To do so, Pixano provides the pixano.datasets.DatasetItem class that already has the attributes id and split to uniquely identify an item and categorize the items respectively.

To define a custom DatasetItem, simply create a sublcass of DatasetItem that define all the features of your dataset.

In our case we have:

image_type: a string metadata.
image: the unique view of the item that is an Image.
objects: the entites of an item.
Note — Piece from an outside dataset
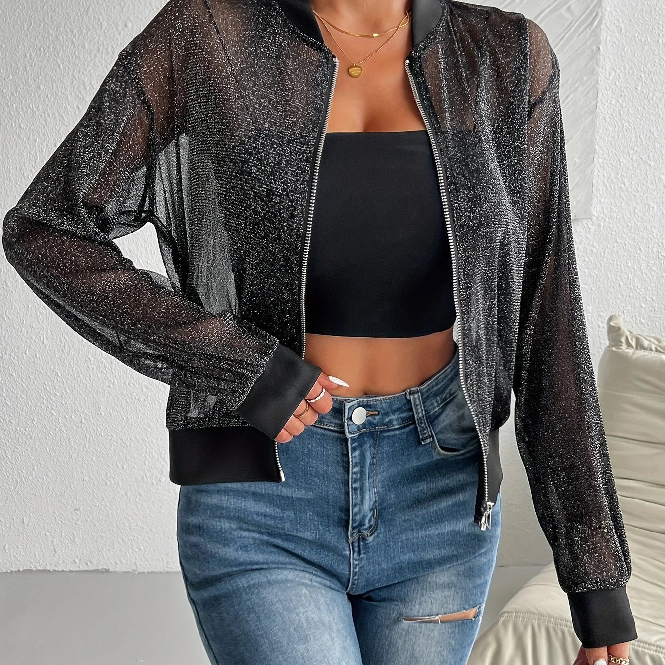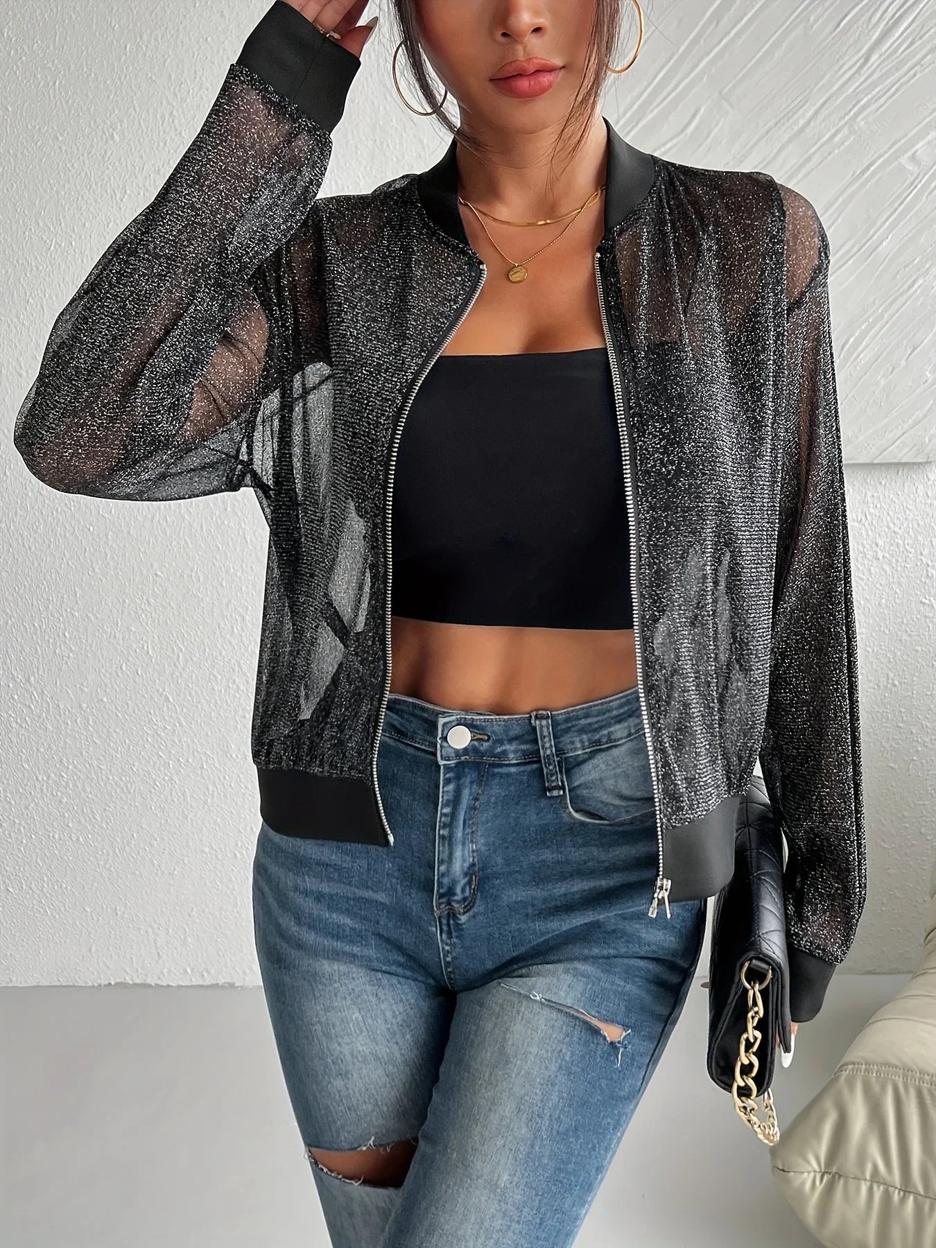 Dames bomberjack | Zwart mesh jas met glitter en rits

Think of it as a common identifier for multiple annotations.
bbox: the bounding boxes of an item.
keypoints: the keypoints of an item.

This is how it can be defined in code:

from pixano.datasets import DatasetItem
from pixano.features import BBox, Entity, Image, KeyPoints


class EntityWithCategory(Entity):
    category: str


class HealthDatasetItem(DatasetItem):
    image: Image
    objects: list[EntityWithCategory]
    bbox: list[BBox]
    keypoints: list[KeyPoints]
    image_type: str

Notice that when multiple elements are attached to an item we use the list type.
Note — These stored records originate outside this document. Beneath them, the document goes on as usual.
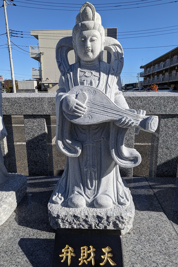 音楽、芸術、学問の神様として知られています。琵琶を奏で、凛々しいお姿です。芸能関係者や学生から特に信仰を集めています。
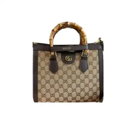 GUCCI DIANA CANVAS BROWN JUMBO GG MINI TOTE BAG CAMEL AND EBONY JUMBO GG
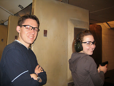 To kill time while we were powerless, we went out to a shooting range with some friends (pretty punny). The boys all taught us how to shoot lots of different guns, and then we had target practice. They impressed us all with their patience and attention to detail in teaching us. Definitely a good thing, with something as powerful as a gun. In that light, I guess they had extra incentive.
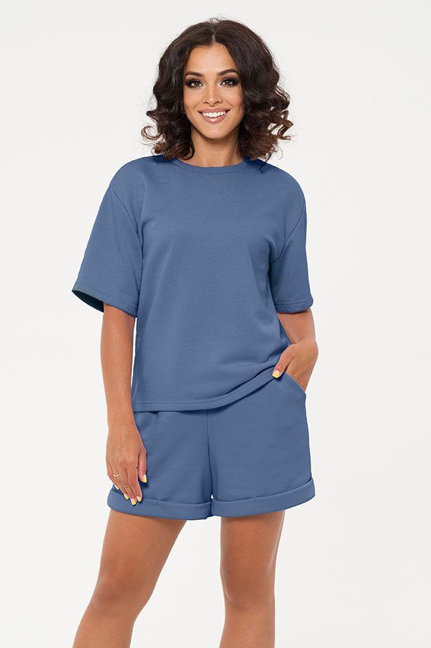Костюм- футболка с шортами свободного силуэта из хлопкового футера 3-х нитки. Футболка свободная со спущенным рукавом. Свободные шорты с боковыми карманами, притачной пояс с резинкой.
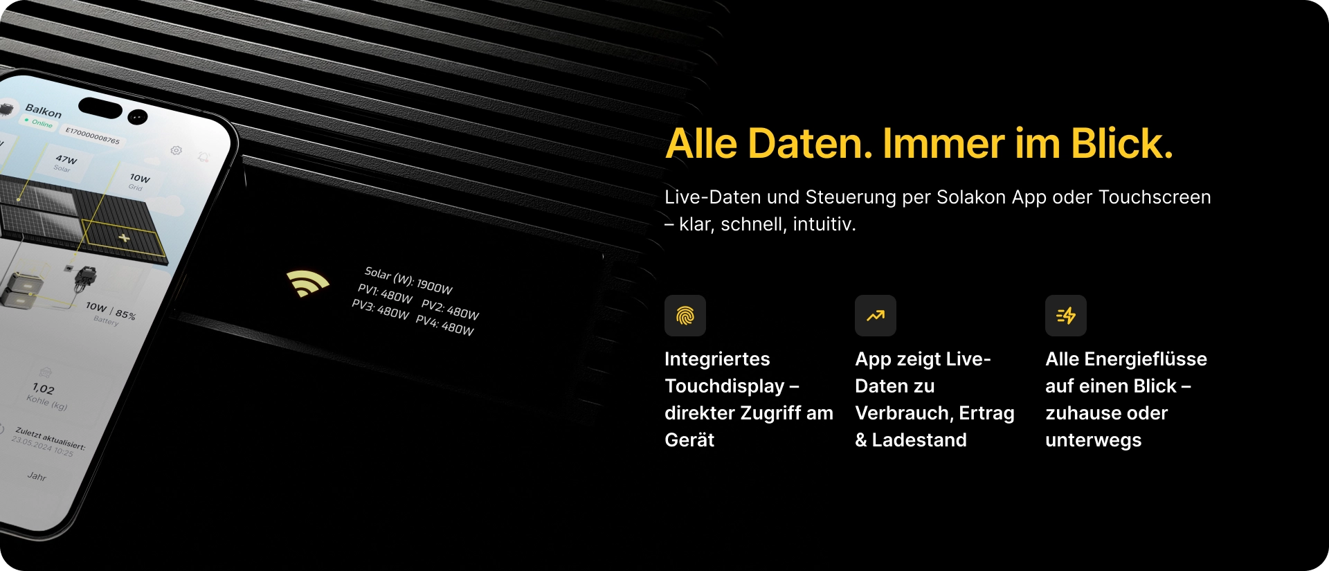 Die Solakon App ist weit mehr als nur eine Anzeige – sie ist Ihr persönliches Cockpit und die Kommandozentrale für Ihr Balkonkraftwerk mit Speicher. Wir haben komplexe Technologie in ein intuitives und benutzerfreundliches Design übersetzt, das Ihnen die volle Kontrolle gibt. Verfolgen Sie live und auf das Watt genau, wie mit den ersten Sonnenstrahlen die Leistung Ihrer Solarmodule ansteigt. Eine animierte Grafik visualisiert den gesamten Energiefluss in Echtzeit: Sehen Sie, wie der Solarstrom über den Wechselrichter direkt in Ihren Haushalt fließt, um Ihre Geräte zu betreiben, oder wie überschüssige Energie genutzt wird, um Ihre Batterie zu laden. Der aktuelle Ladezustand Ihres Speichers wird Ihnen dabei stets präzise in kWh angezeigt – wie eine Tankuhr für Ihre persönliche Solarenergie.
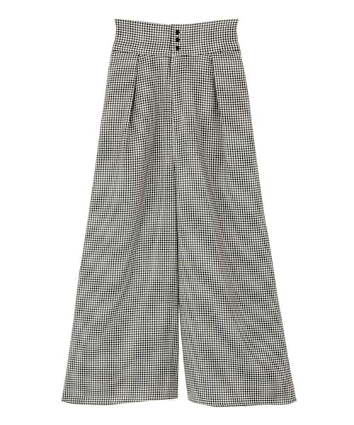 カジュアルなチェック柄のワイドパンツ。バックのレースアップデザインが女性らしさを惹き立て、大人カジュアルな着こなしを後押しします。今季トレンドのワイドなフォルムで、脚を長く見せるトップスをインしたスタイリングがオススメです。
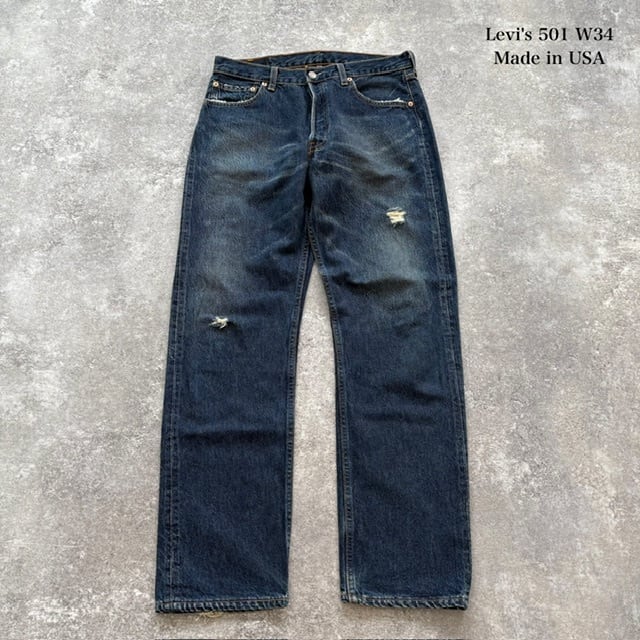 【Levi's】USA製 リーバイス501 デニムパンツ ジーンズ ダメージユーズド加工 ヴィンテージ加工 アメリカ製 00s ミレニアム LEVI'S 米国製
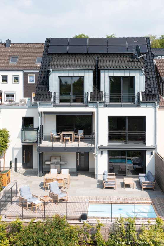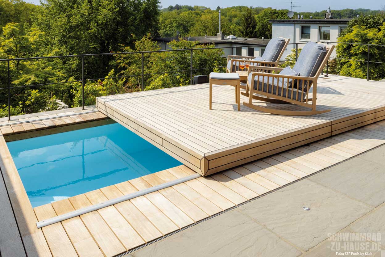 Mit seinen Maßen von 3,70 x 2,10 Metern ist der Pool zwar nicht gerade riesig, dennoch war es angesichts der topographischen Gegebenheiten eine echte Herausforderung, Kunststoffbecken und Holzschiebedach von der Straße auf die am Hang gelegene Terrasse zu befördern und einzubauen. „Arbeiten Sie deshalb nur mit Fachunternehmen, die über die nötige Erfahrung verfügen“, rät Projektleiter Afshin Asan allen Bauwilligen, die Wert auf eine optimale Umsetzung ihrer Wellnessträume legen.
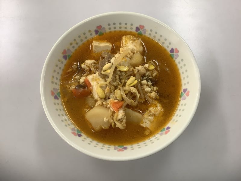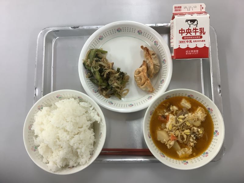 今日のメニューは、ご飯、牛乳、焼きぎょうざ2個、ツナと野菜のさっぱりサラダ、ユッケジャンスープです。(751kcal)
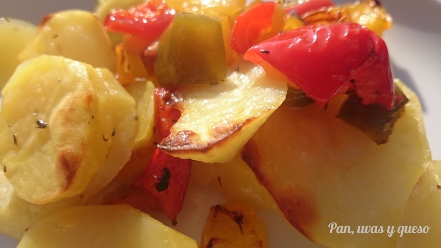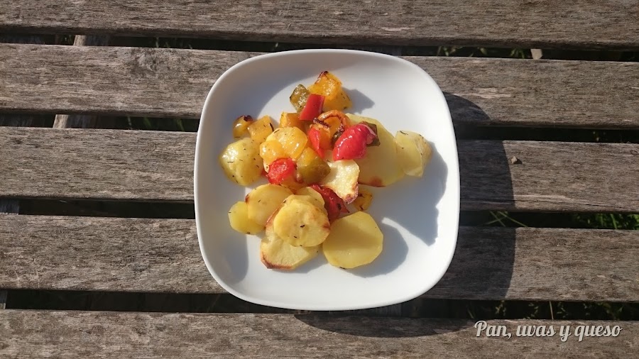 En una fuente apta para el horno colocamos las patatas y los pimientos. Salamos y espolvoreamos con tomillo.

Initialize a DatasetBuilder

Use a built-in builder

The Health dataset follows a folder structure that can be handled by Pixano:

root_folder/
    split1/
        view0.ext
        view1.ext
        ...
        viewN.ext
        metadata.jsonl
    split2/
        ...

Therefore the pixano.datasets.builders.ImageFolderBuilder can be used to construct the Pixano dataset as follows:

from pathlib import Path
from pixano.datasets import DatasetInfo
from pixano.datasets.builders import ImageFolderBuilder


builder = ImageFolderBuilder(
    source_dir=Path("./assets/health_images"),
    target_dir=Path("./pixano_library/health_dataset"),
    dataset_item=HealthDatasetItem,
    info=DatasetInfo(
        id="health_images",
        name="Health Images",
        description="A dataset of health images",
    ),
    url_prefix="/health_images"
    # By default, the images' URLs are relative to the health_images folder.
    # We assume Pixano will be launched with the "assets/" directory as media_dir.
)

dataset = builder.build(mode="create")

Write your own builder

While it is convenient to use built-in dataset builders, Pixano do not cover all your use-cases. Fortunatly it is possible to design your own builder by subclassing the pixano.datasets.builders.DatasetBuilder class and implementing the generate_data method.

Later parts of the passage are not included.